Too Late, Don Moretti

Author: Apache
Genre: Mafia
I took a bullet to the chest to save Julian, the ruthless Don of the New York Syndicate. For five years, I laundered his millions, intercepted his enemies, and was meant to be his wife. But seven days before our wedding, he allowed his young ward, Isabella, to steal my matriarchal betrothal ring and flaunt it on the dark web. When I demanded he postpone the wedding until it was returned, he called me theatrical and took her to his private coastal safehouse. To punish my defiance, he ordered my emergency heart medication removed from my safe. "I merely wanted to test if you were feigning your little illness for attention." That was the text Isabella sent me. But I wasn't feigning. My chest seized, and I collapsed on the hardwood floor. I flatlined twice in an off-the-grid clinic.
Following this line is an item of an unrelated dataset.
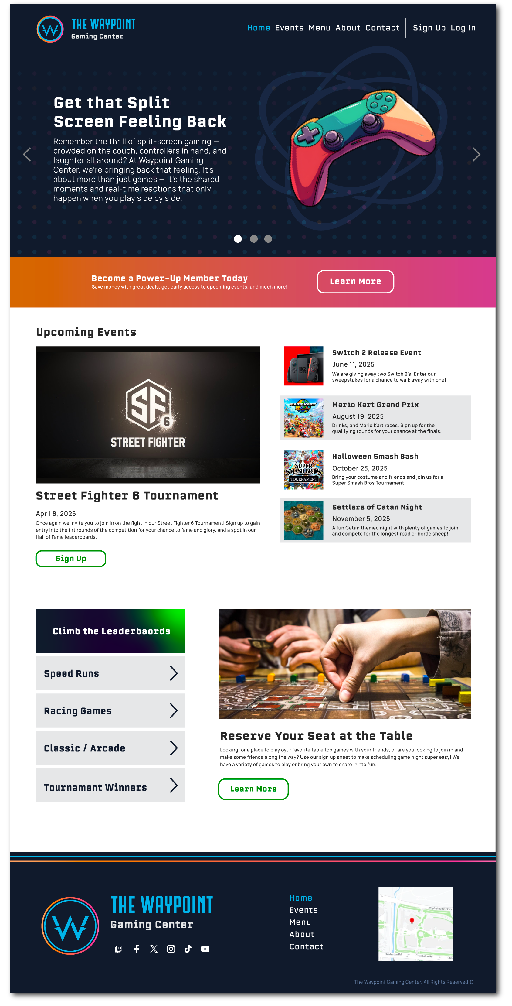 Every element—from the color scheme to the interactive features—was crafted to feel immersive, modern, and gamer-friendly, creating a digital experience that mirrors the excitement of being at Waypoint in person.
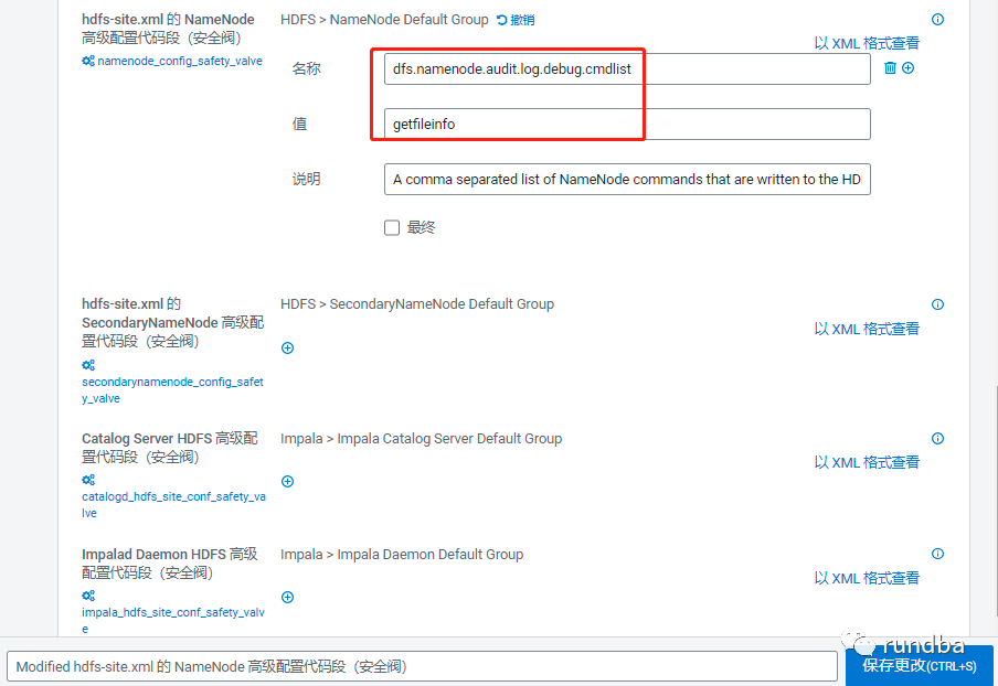 名称:dfs.namenode.audit.log.debug.cmdlist值:getfileinfo点击“保存更改”。

While doctors used defibrillators to violently restart my failing heart, Julian was in an underground arena, publicly sliding a massive diamond onto Isabella's finger. I had spent every drop of my blood to build his dominion, yet he left me to die just to humor a spoiled girl's games. I finally understood that my lifelong devotion was nothing but a cheap convenience to him. When I woke up, I didn't shed a single tear. I printed a meticulous ledger of my blood debts, marked the balance as zero, and vanished to Europe. This time, I would build a mafia empire of my own.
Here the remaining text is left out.